Let’s imagine this: you’re a data engineer working for a company that relies heavily on data. Your everyday job? Extract data, transform it, and load it somewhere, maybe a database, maybe a dashboard, maybe a cloud storage system.

At first, you probably set all this up on your local machine. You write a script that scrapes data, another one that cleans and transforms it, and yet another that uploads it to a destination like Amazon S3. Sounds manageable, right?

But soon, things start piling up:

The data source keeps changing — you need to update your script regularly.
The machine shuts down — you have to restart tasks manually.
You forget to run it — and the data’s out of date.
A minor bug crashes your transformation step — and your whole pipeline fails.

Now, you’re stuck in a never-ending ETL loop. Every failure, every delay, every update falls back on you. It’s exhausting, and it’s not scalable.

But what if the cloud could run this entire pipeline for you — automatically, reliably, and 24/7?

In our previous tutorials, we explored what cloud computing is, the different service models (IaaS, PaaS, SaaS), deployment models, and cloud providers like AWS. Now, it’s time to put all that theory into practice.
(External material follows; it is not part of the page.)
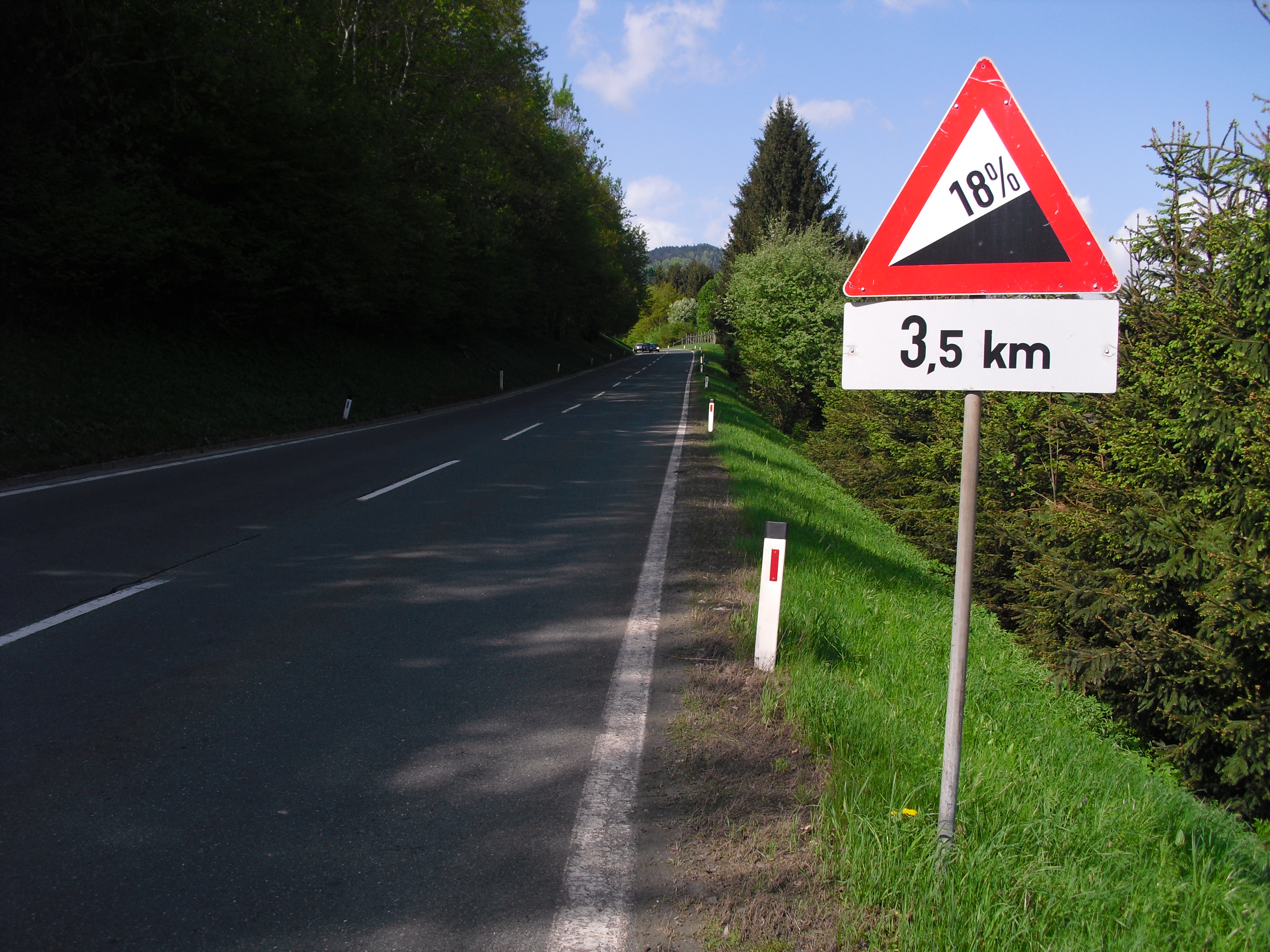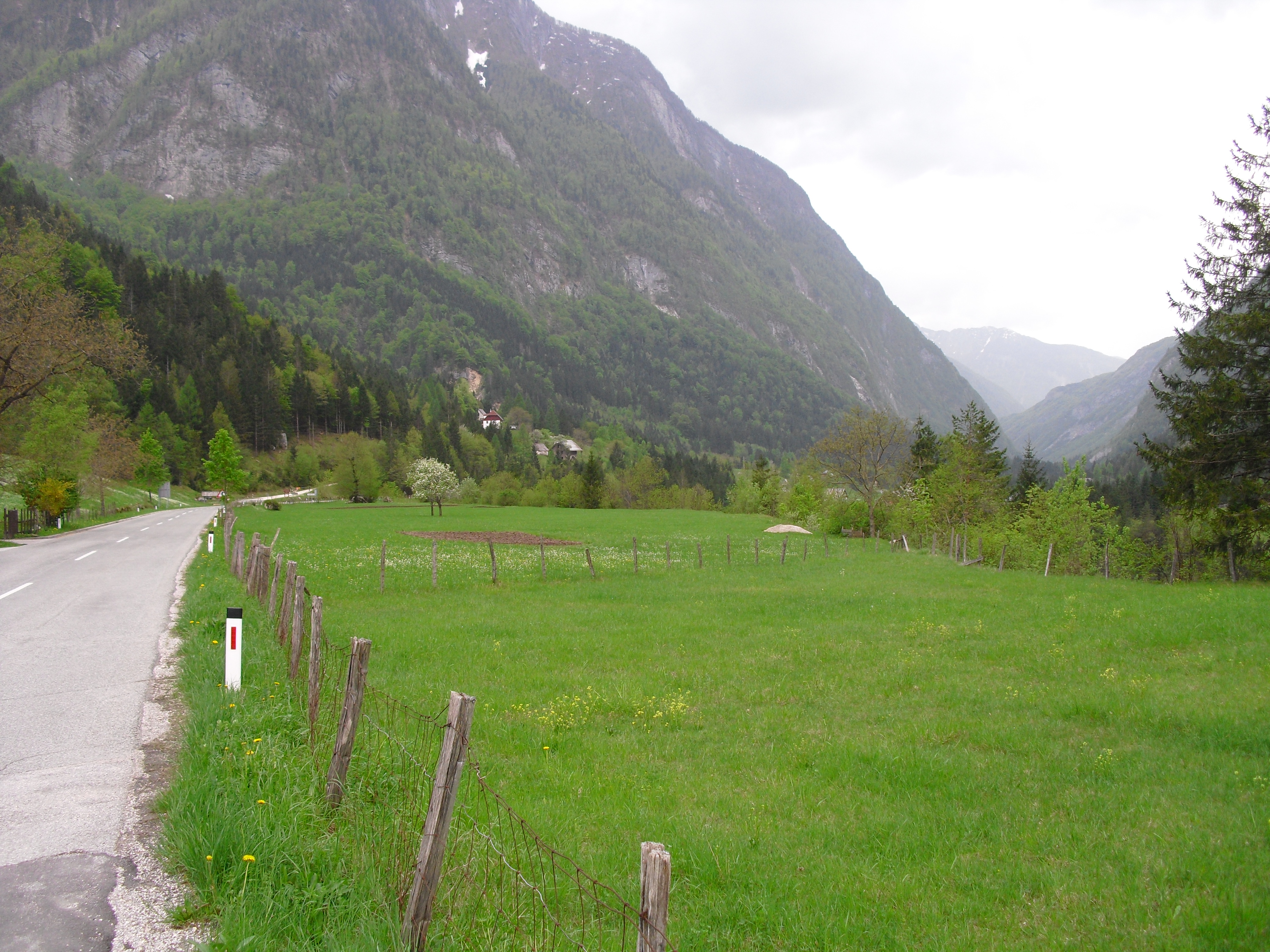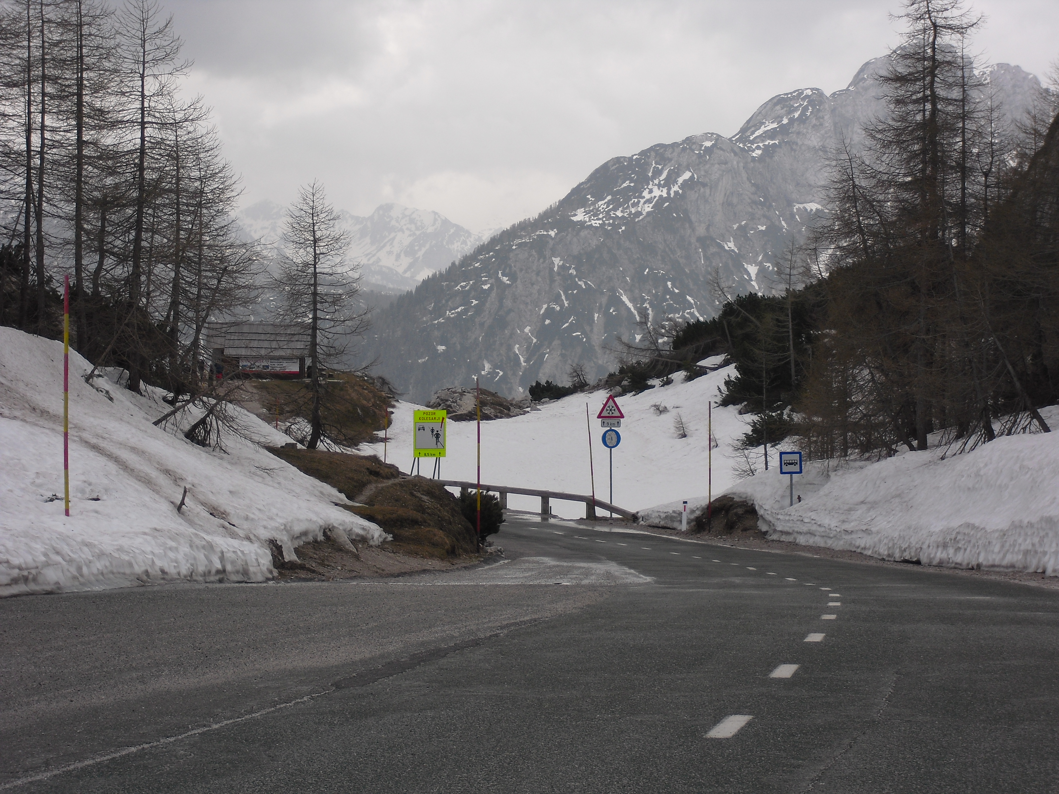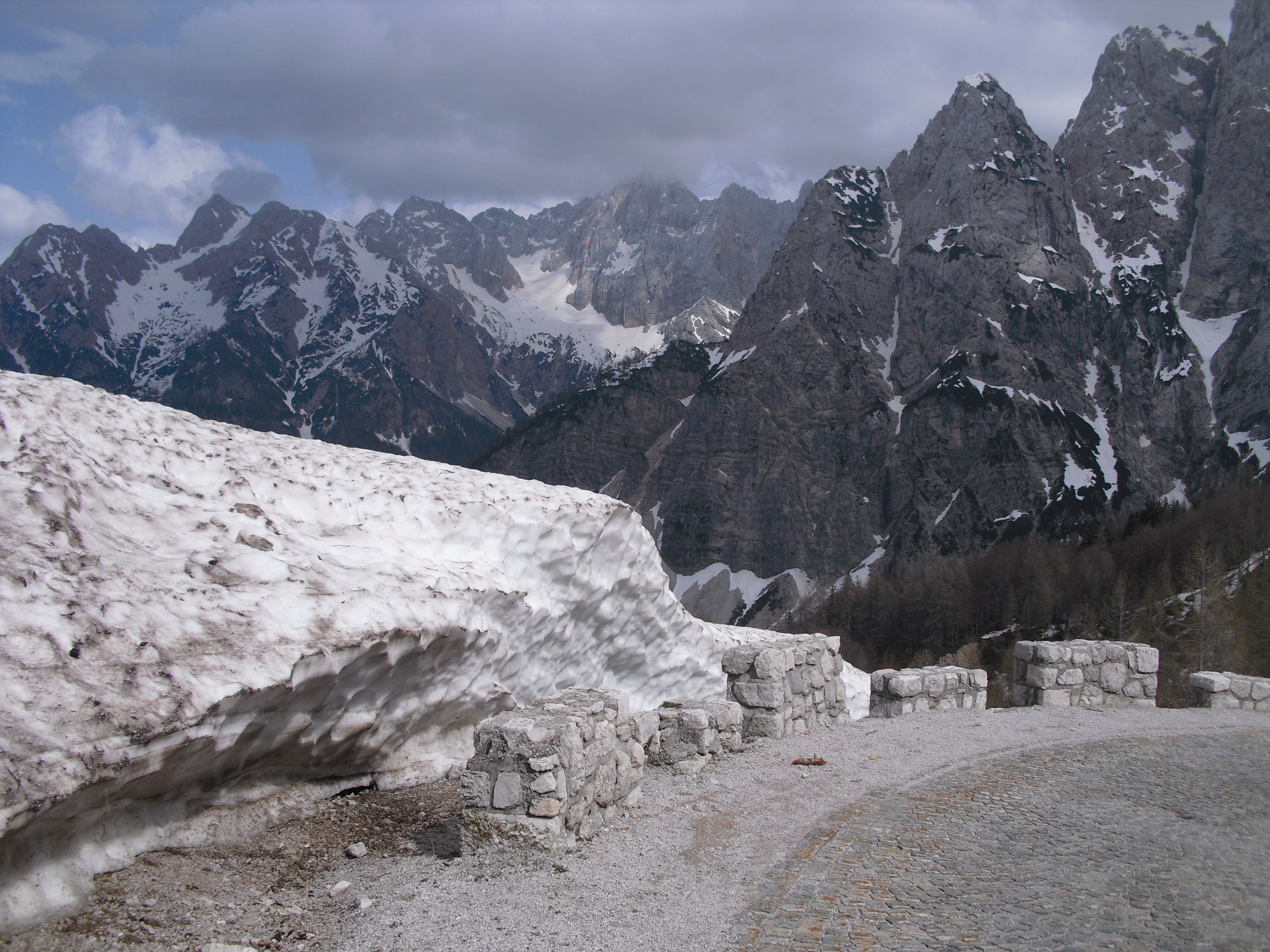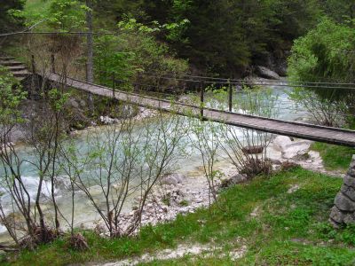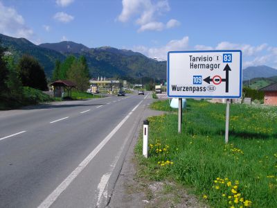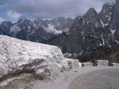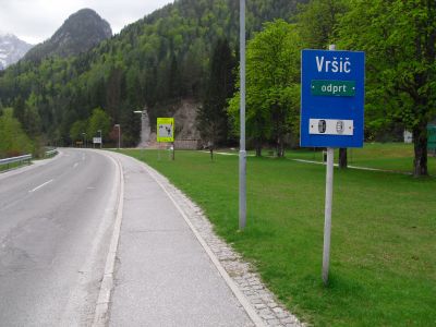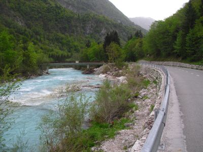 Early at six it rains a bit, but then comes the sun. After a good breakfast at the campground I pass the ski jump ramp at Villach and then the spa. The road to the Wurzen-pass is made like an autobahn. Biking is permitted, but anyhow I feel uncomfortable. Then comes the left turn to the Wurzen-pass. 18% slope grade is difficult to handle, especially with more traffic than expected. The many motorcycles are bothering me increasingly, in particular the loudly banging choppers. It seems that there are twice as many motorcycles than cars on the road. Perhaps this is because today is Saturday. The altitude difference to Villach is only 600 m, but it claims a lot of power. When I arrive at the top I have almost decided to finish today at Kranjka Gora, which lies just behind the Wurzen-pass and is famous with touristics, in winter as much as in summer. I remember that we have been here a long time ago with the children (of course not by bicycle). Here I have a break in the sun. After a while I feel strong enough to do the Vrsic-pass. It goes from 800 m to 1611 m altitude in a distance of 9 km. The numerous sharp bends are counted and labelled with the altitude, unfortunately the last 15 are missing. After half the distance a small restaurant invites for a break, I get a warm fresh blueberry cake. It is comfortable there, I nearly fall asleep on the chair. Nevertheless I have to get going again. It begins to rain now, and I have to cover the baggage again. To my right above me it begins to thunder, and I fear a heavy thundershower, but the rain remains moderate. I can continue. This is also necessary because it becomes colder and colder. Finally I arrive at the summit. It is uncomfortable like at the other passes, no hut or restaurant. Behind me the thunder is getting louder. Again I put on both jackets, gloves and headband and start the descent. The brakes are good and important because the baggage is heavy. I can't go very fast because the surface of the road is very uneven. It is painful for my soul to brake down the sweatfully conquered altitude, but there is no alternative. Down in Trenta it is distinctly warmer, I can put off jackets, gloves and headband. The descent continues through narrow valleys, almost ravines, always along the Soca river. This river's water is remarkably blue. The Landscape is untouched, not yet affected by tourism. I enjoy it very much, especially because it is mainly downhill. At 6 pm I arrive at Bovec, I don't want to go any further. The map doesn't show a campground on the next 80 km, and moreover I believe that two high mountain passes above 1000 m will be sufficient for one day even if the distance was not very far. After a hot shower at the campground I visit the restaurant and order a pizza. The waiter asks wether I want a regular or a big pizza. Of course I order a big one. When it comes I'm amazed: it is really huge, but I eat it with great appetite. After this there is still enough room for two pancakes with a nut stuffing. Now I'm really full (and tired). Tomorrow I would like to arrive in Croatia. |

In this tutorial, we’ll begin building a simple data pipeline using Apache Airflow, with tasks for extracting, transforming, and loading data into Amazon S3. This first part focuses entirely on developing and testing the pipeline locally using Docker Compose.

In the second part, we’ll configure the necessary cloud infrastructure on AWS — including an S3 bucket for storage, RDS PostgreSQL for Airflow metadata, IAM roles and security groups for secure access, and an Application Load Balancer to expose the Airflow UI.

The final part of the series walks you through running Airflow in containers on Amazon ECS (Fargate). You’ll learn how to define ECS tasks and services, push your custom Docker image to Amazon ECR, launch background components like the scheduler and triggerer, and deploy a fully functioning Airflow web interface that runs reliably in the cloud.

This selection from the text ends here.